HACKING ON THE GNUBOY SOURCE TREE


  BASIC INFO

In preparation for the first release, I'm putting together a simple
document to aid anyone interested in playing around with or improving
the gnuboy source. First of all, before working on anything, you
should know my policies as maintainer. I'm happy to accept contributed
code, but there are a few guidelines:

* Obviously, all code must be able to be distributed under the GNU
GPL. This means that your terms of use for the code must be equivalent
to or weaker than those of the GPL. Public domain and MIT-style
licenses are perfectly fine for new code that doesn't incorporate
existing parts of gnuboy, e.g. libraries, but anything derived from or
built upon the GPL'd code can only be distributed under GPL. When in
doubt, read COPYING.

* Please stick to a coding and naming convention similar to the
existing code. I can reformat contributions if I need to when
integrating them, but it makes it much easier if that's already done
by the coder. In particular, indentions are a single tab (char 9), and
all symbols are all lowercase, except for macros which are all
uppercase.

* All code must be completely deterministic and consistent across all
platforms. this results in the two following rules...

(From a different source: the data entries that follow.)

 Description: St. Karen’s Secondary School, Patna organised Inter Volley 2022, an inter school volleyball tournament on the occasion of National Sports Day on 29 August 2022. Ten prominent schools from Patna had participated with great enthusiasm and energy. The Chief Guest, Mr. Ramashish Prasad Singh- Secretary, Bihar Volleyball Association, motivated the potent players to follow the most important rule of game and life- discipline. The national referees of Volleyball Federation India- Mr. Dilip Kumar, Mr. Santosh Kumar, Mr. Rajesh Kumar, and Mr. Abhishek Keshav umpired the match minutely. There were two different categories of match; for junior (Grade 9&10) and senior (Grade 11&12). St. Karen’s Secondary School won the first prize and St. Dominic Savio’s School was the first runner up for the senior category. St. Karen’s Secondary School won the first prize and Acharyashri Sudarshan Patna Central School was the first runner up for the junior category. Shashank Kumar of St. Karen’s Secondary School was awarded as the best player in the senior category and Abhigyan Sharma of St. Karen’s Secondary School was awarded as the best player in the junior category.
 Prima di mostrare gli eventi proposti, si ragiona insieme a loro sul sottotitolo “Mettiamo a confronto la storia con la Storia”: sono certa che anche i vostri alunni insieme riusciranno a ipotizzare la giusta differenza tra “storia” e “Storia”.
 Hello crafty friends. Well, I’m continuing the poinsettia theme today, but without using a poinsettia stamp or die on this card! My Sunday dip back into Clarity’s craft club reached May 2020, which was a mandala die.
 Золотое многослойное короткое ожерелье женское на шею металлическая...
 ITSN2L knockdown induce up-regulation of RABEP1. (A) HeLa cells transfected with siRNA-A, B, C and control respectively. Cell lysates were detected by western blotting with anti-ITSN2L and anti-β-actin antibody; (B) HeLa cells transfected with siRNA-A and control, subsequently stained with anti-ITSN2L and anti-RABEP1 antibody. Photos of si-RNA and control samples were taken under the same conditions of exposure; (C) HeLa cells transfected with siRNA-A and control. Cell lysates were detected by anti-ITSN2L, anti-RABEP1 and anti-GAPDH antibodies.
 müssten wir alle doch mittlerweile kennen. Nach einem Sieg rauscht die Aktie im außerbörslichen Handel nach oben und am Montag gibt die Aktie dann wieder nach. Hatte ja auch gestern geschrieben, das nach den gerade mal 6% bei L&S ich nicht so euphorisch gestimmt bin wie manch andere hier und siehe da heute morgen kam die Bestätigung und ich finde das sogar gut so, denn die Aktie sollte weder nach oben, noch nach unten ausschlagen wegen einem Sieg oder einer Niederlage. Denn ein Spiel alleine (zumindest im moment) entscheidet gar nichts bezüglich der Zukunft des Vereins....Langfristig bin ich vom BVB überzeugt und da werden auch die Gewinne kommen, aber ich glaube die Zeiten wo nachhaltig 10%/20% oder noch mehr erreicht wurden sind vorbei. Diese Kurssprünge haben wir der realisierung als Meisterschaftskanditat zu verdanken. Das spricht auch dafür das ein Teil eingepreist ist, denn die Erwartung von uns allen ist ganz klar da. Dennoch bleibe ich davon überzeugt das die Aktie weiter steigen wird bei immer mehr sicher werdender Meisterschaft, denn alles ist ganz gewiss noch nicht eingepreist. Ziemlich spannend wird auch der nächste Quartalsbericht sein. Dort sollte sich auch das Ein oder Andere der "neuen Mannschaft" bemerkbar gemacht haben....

* No floating point code whatsoever. Use fixed point or better yet
exact analytical integer methods as opposed to any approximation.

* No threads. Emulation with threads is a poor approximation if done
sloppily, and it's slow anyway even if done right since things must be
kept synchronous. Also, threads are not portable. Just say no to
threads.

* All non-portable code belongs in the sys/ or asm/ trees. #ifdef
should be avoided except for general conditionally-compiled code, as
opposed to little special cases for one particular cpu or operating
system. (i.e. #ifdef USE_ASM is ok, #ifdef __i386__ is NOT!)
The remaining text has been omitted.